Engraved on his left calf was a picture of a crossed pair of pistols, framed by six skulls. The tattoo was "his way of keeping count of the kills he had," according to a report filed by a special agent for the Army's Criminal Investigations Command. Three of the skulls, colored in red, represented kills in Iraq, Gibbs told the agent; the others, in blue, were from Afghanistan.
Gibbs said he acted in self-defense each time, but Army officials came to a different conclusion. They have charged him with conspiring with other soldiers from the 5th Stryker Combat Brigade of the 2nd Infantry Division to murder three unarmed Afghans, allegedly for sport, and dismembering and photographing the corpses.
The war-crimes investigation is the gravest to confront the Army in Afghanistan since the U.S.-led invasion in 2001. In echoes of the Abu Ghraib scandal that unfolded from Iraq in 2004, the Army is scrambling to locate dozens of digital photographs that soldiers allegedly took of one another posing alongside the corpses of their victims. Military officials worry disclosure of the images could inflame public opinion against the war, both at home and abroad.
In addition to Gibbs, 25, the Army has charged four other soldiers with involvement in the killings, which occurred between January and May in Kandahar province. So far, the Army has released limited information about the case, although a pretrial hearing for one of the accused soldiers began this week at Joint Base Lewis-McChord, Wash., home of the Stryker Brigade.

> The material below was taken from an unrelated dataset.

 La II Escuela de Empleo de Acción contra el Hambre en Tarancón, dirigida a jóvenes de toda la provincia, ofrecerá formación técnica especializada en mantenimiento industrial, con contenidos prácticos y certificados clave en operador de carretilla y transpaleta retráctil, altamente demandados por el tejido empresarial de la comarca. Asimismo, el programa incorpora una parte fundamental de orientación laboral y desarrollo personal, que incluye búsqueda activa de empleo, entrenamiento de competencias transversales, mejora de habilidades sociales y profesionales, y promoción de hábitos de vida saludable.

Summaries of Army investigative reports obtained by The Washington Post provide previously undisclosed details about how the murders were allegedly committed and covered up. The reports also indicate that a fourth unarmed Afghan was killed. And they show that soldiers in Gibbs's unit - 3rd Platoon, Bravo Company, 2nd Battalion, 1st Infantry Regiment - have given sworn statements in which they assert that he was the one who came up with the idea of targeting Afghan civilians at random and developing cover stories.
Gibbs's civilian defense attorney, Phillip Stackhouse, did not return phone messages seeking comment. He has previously told reporters that the killings Gibbs has been charged with were combat-related and therefore justified. Lawyers for the other accused soldiers have also denied wrongdoing.
Conflicting reports
According to Army investigative reports, Gibbs and other members from his unit shot and killed the fourth unarmed Afghan on Jan. 28. Afterward, some soldiers told investigators, platoon members planted ammunition next to the body so their superiors would rule the shooting justifiable.
Two soldiers told Army special agents that their patrol came upon the Afghan as he was sitting along Highway 1 in Kandahar. According to the statements, Gibbs and another soldier fired warning shots at the man's feet; other soldiers then opened fire as well, killing the Afghan.
Army criminal investigators later decided not to press murder charges, citing soldiers' stated fears that the Afghan may have been a suicide bomber and determining that they had given appropriate warnings before using deadly force.
According to the two soldiers' statements, however, the Afghan hadn't made any aggressive movements and there was no sign he was armed. Some unit members admitted they placed a magazine from an AK-47 rifle next to the corpse "to give the appearance the Afghan was an insurgent," according to an investigators' reports.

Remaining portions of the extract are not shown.